小封,也就是此時正承載着死神風遣鶴魂魄的身軀,沉默着将那壇酒再度封好,蓋上紅布,系上繩結,從始至終,什麽也沒說。
蘇程心裏明白,其實風遣鶴本來就是這個樣子。
以前還是夫妻的時候,他就沉悶悶的,不愛說話,自顧自地做自己的事情,無論自己對他說什麽,表達什麽,他都恍若未聞。
那他後來又裝什麽?
一股無名火沖天而起,将蘇程所有殘存的理智皆數焚燒殆盡,他此時被憤怒控制住了所有的感官,先前所構想的好言好語蕩然無存,他連一絲體面都不打算給這段感情留了。
他平生最痛恨的,就是無動于衷。
蘇程本以為,他自己過得慘,是因為自己不對,到頭來,才知道他這一生早就被命運安排完畢,就是要颠沛流離,就是要歷經磨難,不為別的,就是因為面前這個人。

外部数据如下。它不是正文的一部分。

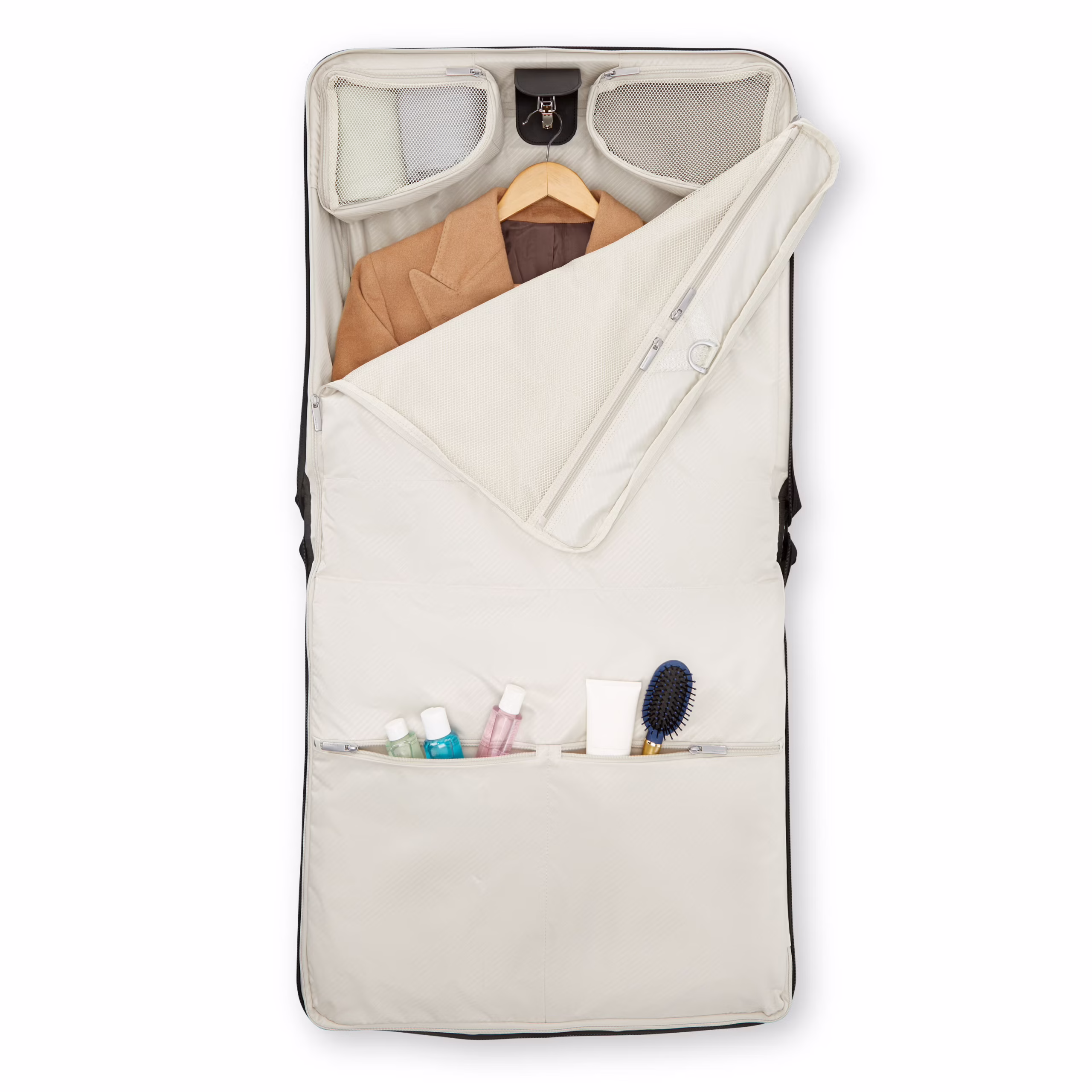 Tried and trusted since 1958, the Silhouette collection is a timeless classic rooted in our legacy. We’ve updated the time-honored sleek luggage style by combining the distinct elements from our hardside but with the flexibility of a softside. Our spinner garment bag is made from 100% post-consumer recycled PET bottles, specifically engineered to endure rigorous travel. Perfectly proportioned interior pockets to keep your clothes neat and organized and multiple exterior pockets for easy access to travel essentials. A dual hanging bracket for effortless closet-to-bag transitions, and our patented EAZYHOOKTM to carry those last-minute grabs like your handbag.

他最讨厭一拳砸在棉花上,無論說什麽,風遣鶴都照單全收,并且什麽反應都沒有。
過去他忍了,是因為對婚姻還有期盼,還有愛存在,他相信就算用燭火也能溫暖一塊冰山,即使需要很久很久的時間。但現在沒法忍了,是因為他發現,這段感情自始至終就是錯誤的,愚昧的,一文不值的。
“你化名小封,剛來到我身邊時,我還懷疑過你。我懷疑你是不是天庭的人,是不是我前夫派來監視我的人。”

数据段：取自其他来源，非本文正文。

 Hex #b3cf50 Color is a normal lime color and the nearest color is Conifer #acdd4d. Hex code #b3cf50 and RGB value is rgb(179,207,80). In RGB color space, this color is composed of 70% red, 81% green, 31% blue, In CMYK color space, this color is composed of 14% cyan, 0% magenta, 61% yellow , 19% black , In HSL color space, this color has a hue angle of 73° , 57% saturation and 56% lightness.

蘇程點了根煙夾在手裏,白煙在半空中飄蕩出七拐八扭的彎。
“你怎麽可能是天庭派來的人,因為他媽的整個天庭都是你的人!主神、司法部門、還有天庭的其他神仙,他們迫于你的武力,被你派來完成這項任務,為了滿足你的私心,所有人都在耍我玩!”
風遣鶴将酒壇輕輕擱在腳邊,擡起頭,痛苦地看着他。
“你害我全家橫死,害得我六親不靠,一輩子被苦難壓着頭走路。結婚的時候不知道珍惜,離婚之後才想起來要彌補,又騙我說你是我的守護神,風遣鶴,你嘴裏有一句真話嗎?”
蘇程的臉色鐵青無比,緊緊咬着牙關,胸膛急速起伏,似乎已經憤怒到了無法再增加的地步。他的雙眼中燃燒着兩團烈火,其中的溫度幾乎點燃掉風遣鶴僅存的一絲勇敢。

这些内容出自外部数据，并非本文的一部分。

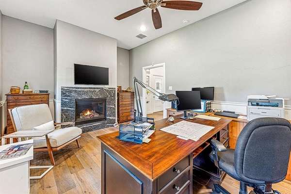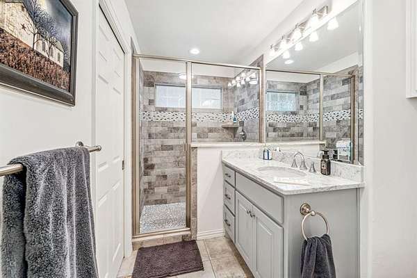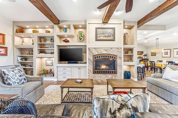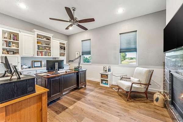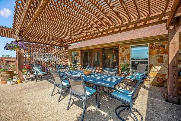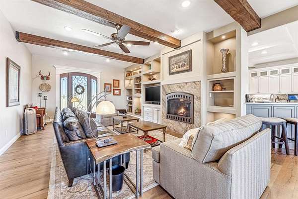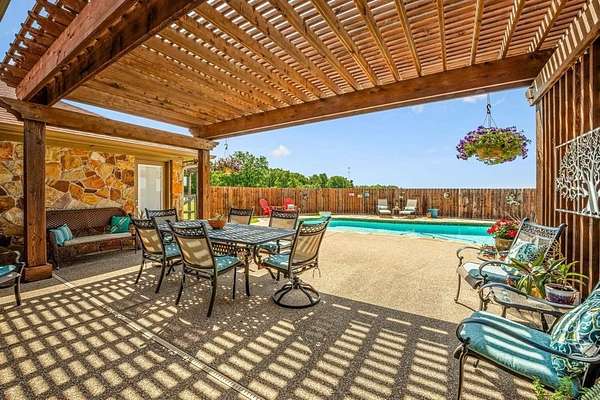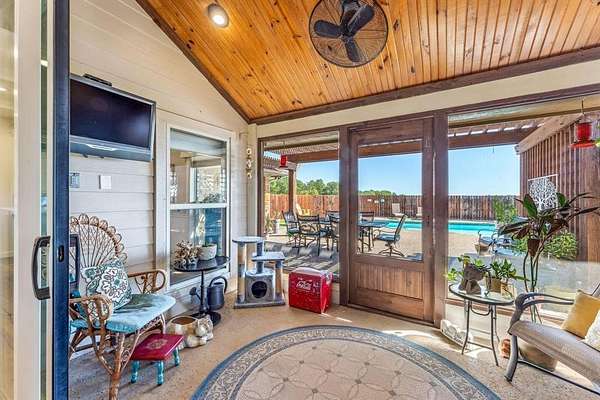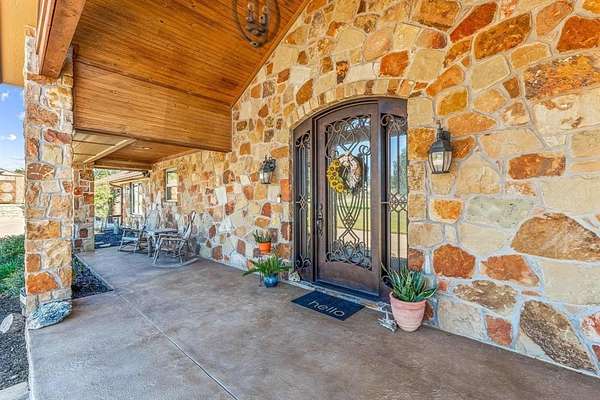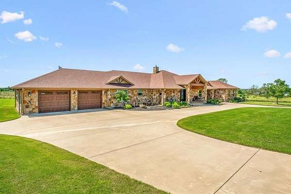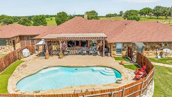 Magnificent Estate nestled on 5-acres in charming town of Granbury perfect for horses. 3714 sq ft Single-level Texas ranch-style home remodeled and expanded in 2017 by Will Steed. The property is completely fenced and the manicured grounds and irrigation system enhances the serene country living. The home features a large semicircular driveway and a lodge style front entry with natural stone masonry, timber accents, and a custom iron and glass door. The interior features hardwood and tile floors in the common areas, carpet in the bedrooms, and high-end quartz, granite, and onyx countertops throughout. The chef's kitchen includes a Wolf professional-grade 4 burners with griddle gas range cooktop, 3 burner Wolf induction cooktop, dual convection wall ovens, warming drawer, built in side by side refrigerator-freezer, blanco sink and custom cabinetry. Adjacent to the kitchen, pantry includes wine storage for up to 350 bottles, and the dining area overlooks the patio, pool, and screened-in porch. The expansive living room features a gas fireplace, hand-crafted wooden beams, and a built-in surround sound system. Sliding glass doors provide access to the 2,133-square-foot pergola patio and saltwater pool area. The master suite includes a walk-in closet, mirrored vanity area, and an exceptional spa bath, including a large double vanity, oversized his-and-her shower, and a separate lavatory room. house features two secondary bedrooms with full baths, a craft studio or could be a 2nd living or play room, oversized laundry room. The West Wing offers a home office, exercise room, a temperature-controlled storage room and a full bath, with potential for conversion into a free-standing apartment. Additional features include a single-stall horse barn, a potting shed, storage building, foam insulation, a tankless hot water system, an advanced well water filtration system and security cameras with remote monitoring. This is truly a very special property and a rare find!

“你做丈夫,不是個稱職的丈夫。做徒弟,也不是個有孝心的徒弟。後來做秘書和保镖,确實非常盡職盡責,但這都是假的,是你演給我看的。直到現在我也不清楚你的目的,但我已經不在乎了。姓風的,你最好能一直這麽福大命大,不然,總有一天會遭報應的!”
風遣鶴的心裏,好似正堵着一塊兒冰封的山,不上不下,他被這些話刺得千瘡百孔,卻找不出任何一個字眼一個詞彙來反駁,他一直以來,都無法不順從眼前這個人的話。
蘇程說什麽都是對的,他還能回應什麽話?
然而這樣詭異的沉默卻叫蘇程愈發憤恨,他怒火中燒到極點,眸中便蓄滿淚水,亮得出奇。
但他決不允許自己在風遣鶴面前掉眼淚,一滴都不行。
蘇程想不明白,風遣鶴這樣做的目的是什麽,他總覺得自己和真相之間堵了一層厚重的牆,他看得見摸得着,但是死活找不到門。
事到如今,他還是沉默着。
王八蛋,既然現在不說,那就永遠別說了。
“你。”
他指着風遣鶴的鼻子。
“給我滾出去。”
風遣鶴頓了頓,轉過身,就這樣離開,好似從來沒有出現在蘇程的生活中。
他的背影看上去那般落寞,可蘇程總覺得是自己失去的更多。
......
三公裏外的肯德基內,幾個穿着怪異的人推門往外走,走在最後面的年輕男人好似苦力,足足抱了七八個裝得滿滿的大紙袋子。
趙峥雪輕輕拉開路邊停着的那輛邁巴赫的車門。這一款相較于她車庫中的其他車型風格偏硬朗,而且不太低調,一般情況下只有帶領全師門集體出動才用。她這兩年談生意總是獨來獨往,這車基本落灰。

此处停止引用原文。